Ze statystyk wynika, że w ubiegłym roku zmarło 855 osób, urodziło się 825 dzieci, zawarto 769 małżeństw.
Dane statystyczne wskazują też, że piotrkowianie często migrują - w 2009 roku zarejestrowano 770 wymeldowań z miasta, w tym 392 na wieś, 362 do innego miasta i 16 za granicę. Z kolei 556 osób postanowiło na stałe osiąść w Piotrkowie Trybunalskim - 225 przeniosło się z innych miast, 279 ze wsi, i 52 osoby zza granicy.
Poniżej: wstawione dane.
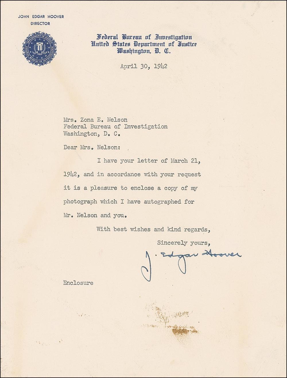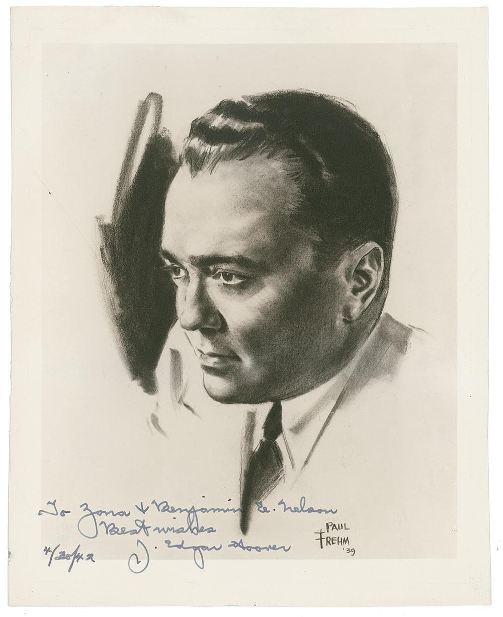Nice 8 x 10 print of an artist’s portrait of Hoover, signed and inscribed in fountain pen, “To Zona & Benjamin E. Nelson, Best wishes, J. Edgar Hoover 4/30/42”; and a one page TLS, signed “J. Edgar Hoover,” acknowledging the signed print. In fine condition, with several areas of toning to letter.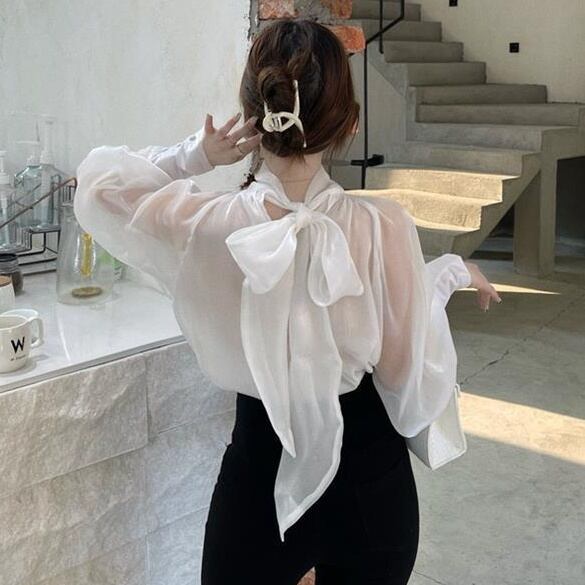 トップス レディース ブラウス ショート丈 長袖 無地 春 秋 冬 リボン かわいい 大人可愛い きれいめ シンプル カジュアル 大人 上品 おしゃれ お洒落 レトロ エキゾチック 大人可愛い 大人女子 こなれ感 個性的 セクシー 存在感 とろみ感 抜け感 ショート 袖なし 白 ホワイト 黒 ブラック くすみカラー ベイクドカラー ワンサイズ 20代 30代 デート お出かけ 女子会 休日 リゾート 旅行 海 着回し 普段使い コーデ スタイル モテ プチプラ 送料無料 トレンド 流行 インスタ映え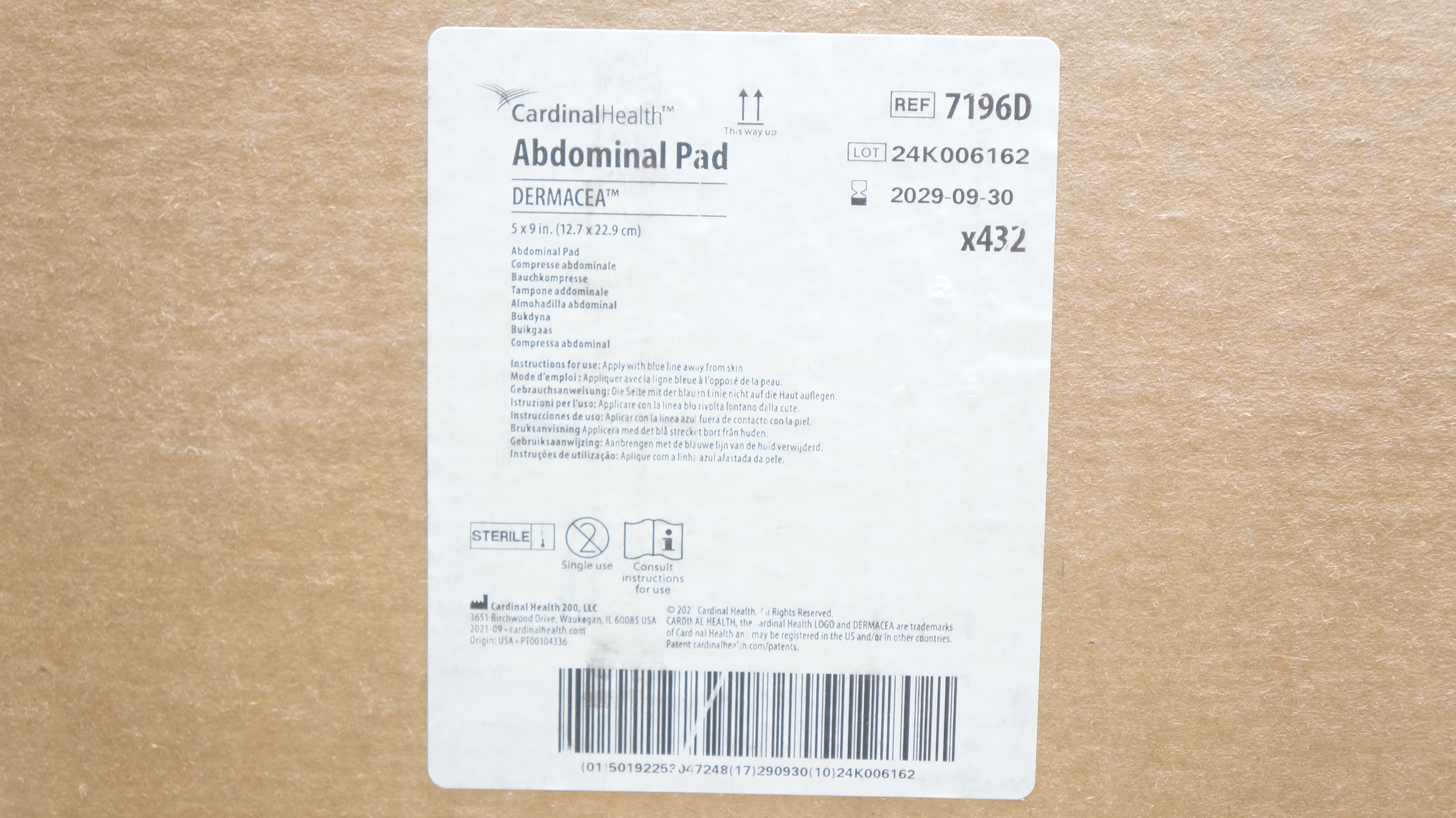 - Cardinal Health 7196D Dermacea Abdominal Pad 5 x 9inch - Case of 432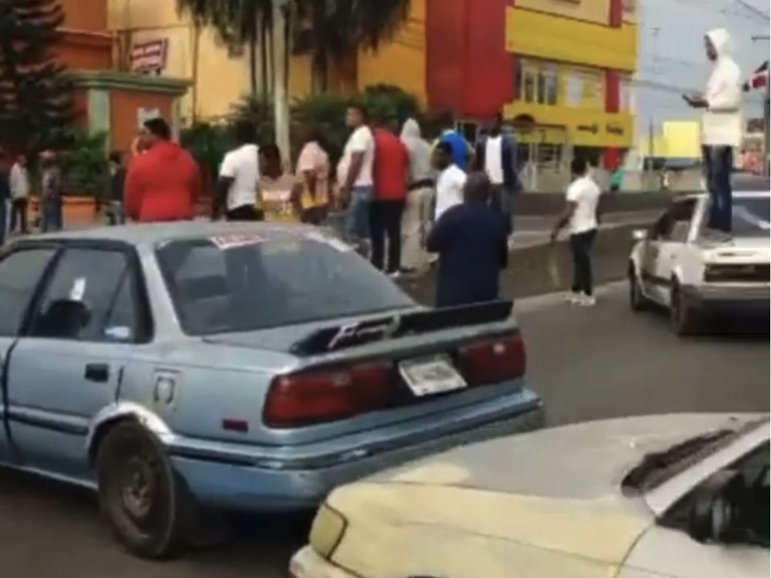Los trabajadores del transporte público parquearon sus unidades en medio de la vía ocasionando un caos, en el entorno de la avenida Hermanas Mirabal, en Villa Mella.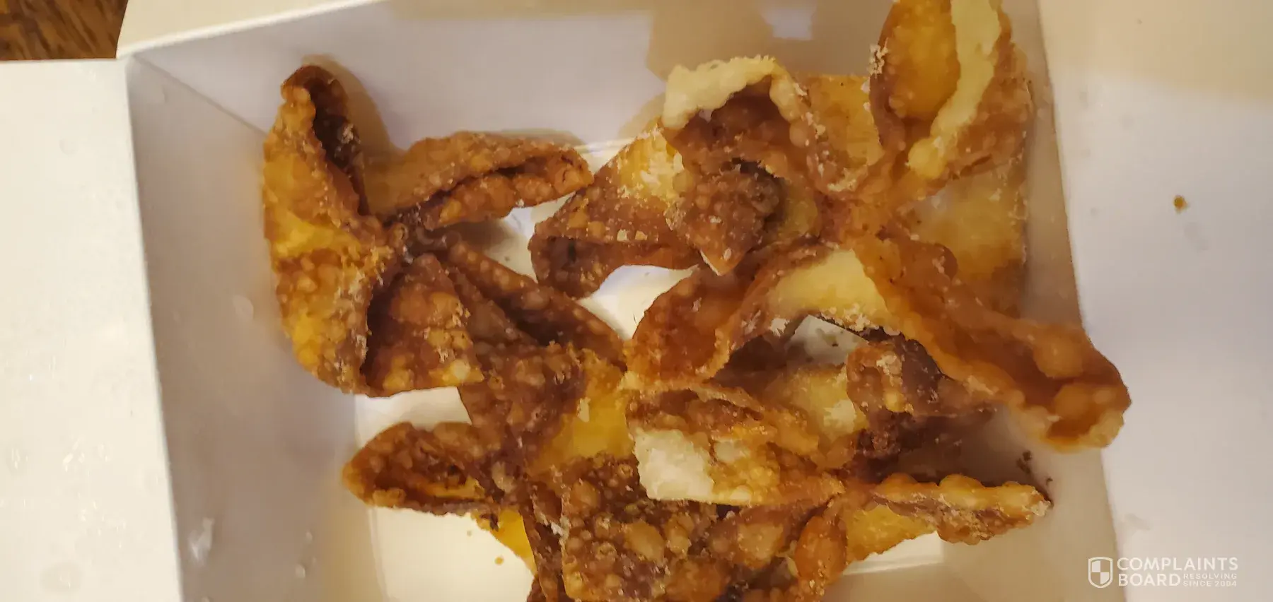 I have placed 6 orders in the past few months. 5 of them were either wrong, burned, overcooked, or the crab wontons were rotten and made me sick. I ate one reheated NON crispy wonton...threw out the rest as well as the egg rolls. I have spent over $300 in the past 6 months ordering from this location. $86 this last sunday night.

Dla porównania w 2008 roku liczba mieszkańców miasta wynosiła 79.422 , w tym 42.306 kobiet i 37.116 mężczyzn. Dwa lata temu wymeldowało się 812 osób, w tym 468 na wieś, 316 do innego miasta i 28 za granicę. Przybyło nam 513 osób 230 z innych miast, 224 ze wsi, i 59 zza granicy. Zmarło 808 osób, urodziło się 813 dzieci, zawarto 856 małżeństw.
- Z ksiąg meldunkowych miasta „zniknęło" ok. 1000 mieszkańców. Jest to spowodowane przede wszystkim migracją. Niewątpliwie piotrkowianie przenoszą się do większych ośrodków. Wiadomo, że oferta szkół wyższych w Piotrkowie nie jest tak bogata jak w Łodzi, we Wrocławiu nie mówiąc już o Warszawie. Ludzie emigrują za nauką, za kulturą, ale przede wszystkim za pracą. Trzeba też zwrócić uwagę, że wiele osób przemeldowuje się na wieś - tłumaczy Błażej Torański, rzecznik prasowy prezydenta Piotrkowa.
Ostatnio wzrosła liczba mieszkańców gminy Sulejów. To do Koła, Przygłowa, Poniatowa czy Uszczyna trafiają niedawni piotrkowianie.